La France, l'ancienne puissance coloniale en Centrafrique, a déployé des milliers de militaires dans ce pays à la fin de 2013 pour mettre fin aux violences entre chrétiens et musulmans. Une mission de l'Union africaine entamée en avril 2014 et été remplacée par la mission onusienne cinq mois plus tard, et la mission européenne a pris fin en mars 2015.

"Ce sont des accusations extrêmement graves et il est impératif que ces allégations fassent l'objet d'une enquête complète et urgente, a dit M. Zeid par voie de communiqué. Nous assurerons un suivi étroit de ces dossiers et de tout autre qui pourrait faire surface pendant que l'équipe de l'ONU poursuit son enquête sur le terrain."

L'ONU peut colliger et publier les allégations, mais il revient aux États de poursuivre les suspects.

Le garçon et la fillette qui disent avoir été agressés par des soldats français prétendent que d'autres enfants ont subi le même sort.

Lors d'une conférence de presse, plus tard vendredi, à New York, un représentant de l'ONU a confirmé que des allégations pesaient également contre des Casques bleus. Le secrétaire général adjoint Anthony Banbury a été étreint par l'émotion en parlant des quatre nouveaux cas impliquant des soldats de l'ONU du Bangladesh, du Congo, du Niger et du Sénégal.

C'était la première fois que l'ONU nommait publiquement les pays comptant des soldats mis en cause dans le cadre d'une nouvelle politique de divulgation.

M. Banbury a aussi annoncé qu'un des soldats marocains qui avait servi dans une mission précédente faisait l'objet d'une allégation d'agression sexuelle.

Pour toute l'année 2015, il y aurait 69 allégations confirmées d'agression sexuelle ou d'exploitation dans les 16 missions de l'ONU, dont 22 en République centrafricaine. En 2014, il y avait 51 allégations, mais il n'y avait aucun cas en République centrafricaine.

Le secrétaire général de l'ONU Ban Ki-moon publiera le mois prochain un rapport détaillant les allégations de 2015. Les informations, incluant l'avancement des enquêtes, seront mises à jour fréquemment sur le Web.

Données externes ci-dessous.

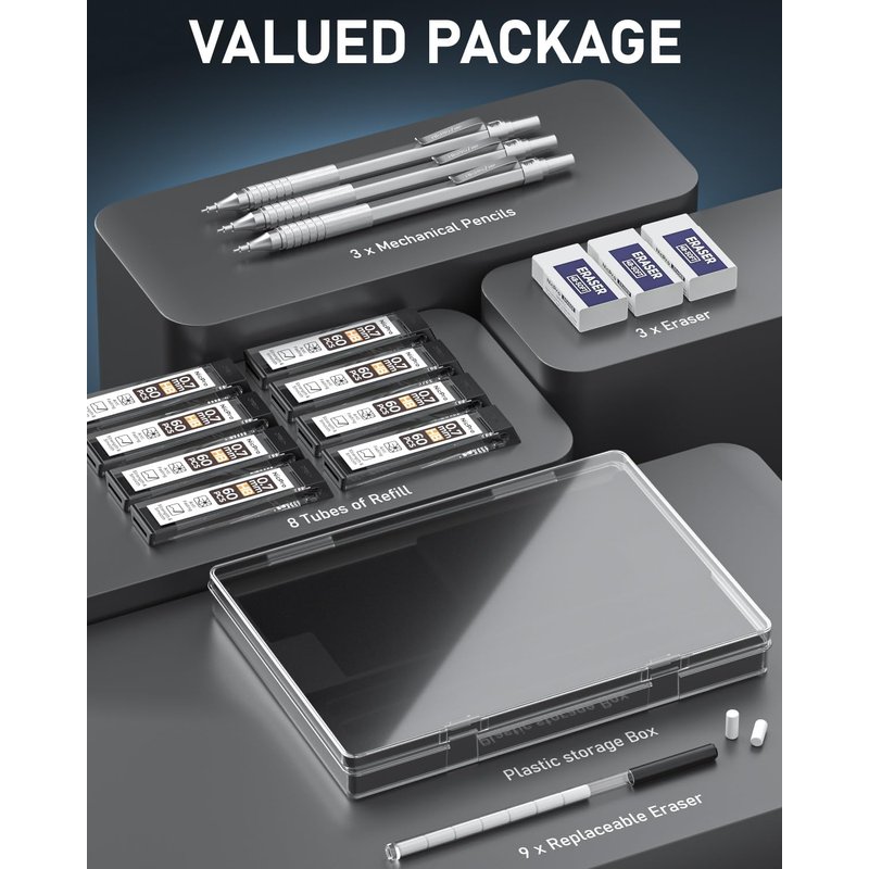 - Package contains: 3 pcs of 0.7 mm mechanical pencils with 8 tube of HB pencil lead, 3 pcs 4B-soft erasers, 9 pcs mini cap eraser refills in a storage case

Un porte-parole de M. Zeid, Rupert Colville, a expliqué aux journalistes que des soldats provenant d'une "dizaine de contingents" ont maintenant été éclaboussés par des allégations d'inconduite sexuelle, mais qu'il est difficile d'estimer combien de militaires individuels sont impliqués.

"Mais il est très évident que c'était répandu (en Centrafrique), a-t-il dit lors d'une conférence de presse. Ce n'est clairement pas la dernière fois dont nous en parlons, malheureusement."

L'Union européenne a promis sa pleine collaboration aux enquêteurs onusiens.